Similarly, whilst orange is the color of Halloween in the US, or autumn/fall in many western countries, in Ireland Orange is synonymous with Protestantism.
And whilst yellow can represent summer or happiness in many western countries, it represents mourning in Mexico. It’s also worth noting that yellow can sometimes be associated with cowardice in western countries — but it actually means the opposite in Japanese culture, where it denotes courage.
Blue is often considered to be the best color to use from an international perspective as it has the most positive associations across most cultures.
Naturally, as a web designer/developer, you can’t accommodate every single culture with your design. But by being aware of such issues early on in the design process, you can be sure that your design is as culturally sensitive as possible, and it will help you avoid having to make drastic design changes later.
The Need for Speed…
However, given the proliferation of high-speed broadband internet across many parts of the world, it can be easy to forget that some countries are still awaiting the super-fast cyber-connections to head their way.
Much of South America, Africa, Asia and the Middle East are still on slow internet connections, which means that websites with heavy graphics and Flash animations may take a long time to load.
This isn’t to say you should build text-only websites, but if you suspect your target audience may not have sufficient bandwidth to access your pages, then you could consider having a stripped down text-only version of your site that users can select.

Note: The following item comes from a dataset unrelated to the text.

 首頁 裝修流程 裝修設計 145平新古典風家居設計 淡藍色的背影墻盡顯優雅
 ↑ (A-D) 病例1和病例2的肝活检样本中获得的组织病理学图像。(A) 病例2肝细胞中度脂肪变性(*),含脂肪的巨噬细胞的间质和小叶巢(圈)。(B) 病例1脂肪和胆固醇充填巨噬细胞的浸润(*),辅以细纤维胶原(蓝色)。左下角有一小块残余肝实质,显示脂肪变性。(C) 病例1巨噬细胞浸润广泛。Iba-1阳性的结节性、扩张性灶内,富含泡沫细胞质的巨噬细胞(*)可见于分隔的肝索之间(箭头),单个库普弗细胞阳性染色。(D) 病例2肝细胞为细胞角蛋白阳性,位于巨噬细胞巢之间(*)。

Text: The Food of Search Engines
If you’ve designed the world’s most attractive website, you probably deserve a pat on the back. But if people can’t find your website online, then there’s probably not a lot of point in it being there.
It’s often said that text is the food of search engines, it’s what Google, Yahoo! and Bing use to rank websites.

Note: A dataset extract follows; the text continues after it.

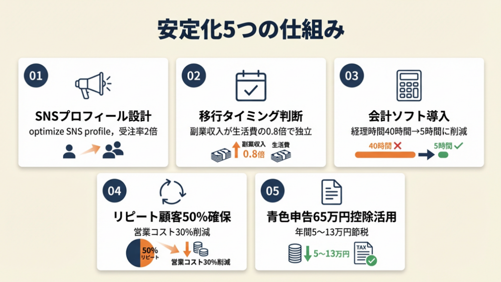 自営業の最大リスクは収入ゼロ期間です。生活費6か月分の確保を最優先にし、その間に副業で月3〜5万円の実績を積むことで、独立後の不安が大幅に軽減されます。

So if your website is all about colors, graphics and fancy Flash components, then it’s unlikely that people will be able to find your site. If you have lots of text embedded in Flash files, search engines can’t pick up on this, so you need to ensure that as much text is possible is in the HTML markup.
Multilingual SEO and Localization
The subject of SEO probably deserves an article in itself, so we’ll keep this bit brief. The one golden rule to keep in mind when localizing your website for other countries is that the keywords that you rank highly for on your English-language website, shouldn’t be translated and used in your foreign language website.
The reason is this: even a correct and accurate translation of a keyword or term may not be what people actually use to search for a product or service locally. They may use abbreviations, synonyms or some other variation of the search term. And that’s why you need to research your keywords for each of your languages and incorporate these into professionally translated/localized website.
Flexible Web Design
The key to cross-cultural web design is to create your pages to be as flexible as possible to change and adaptation.
For example, German tends to use much longer words than English, whilst many Asian languages require much less space for text than English. This means that if you’re ever translating your website into other languages, it’s best that your content and design are kept as separate entities.
You should avoid fixed width structures with text in it — space should be allowed to expand or contract in accordance with the size of the text.
Using CSS helps keep your content and design separate, giving you flexible and adaptable web pages for just about any language you can think of.
Putting the World into Web
The Web by its very nature is a global medium and the need for web professionals to cater for international audiences is likely to grow as the online population increases in non-English speaking countries. Asia accounts for over 40% of the world’s internet users and China alone has 30% more internet users than the US.
To go global, businesses need to think local. And to do so, they’ll need all the help they can get from the web designers and developers of the world.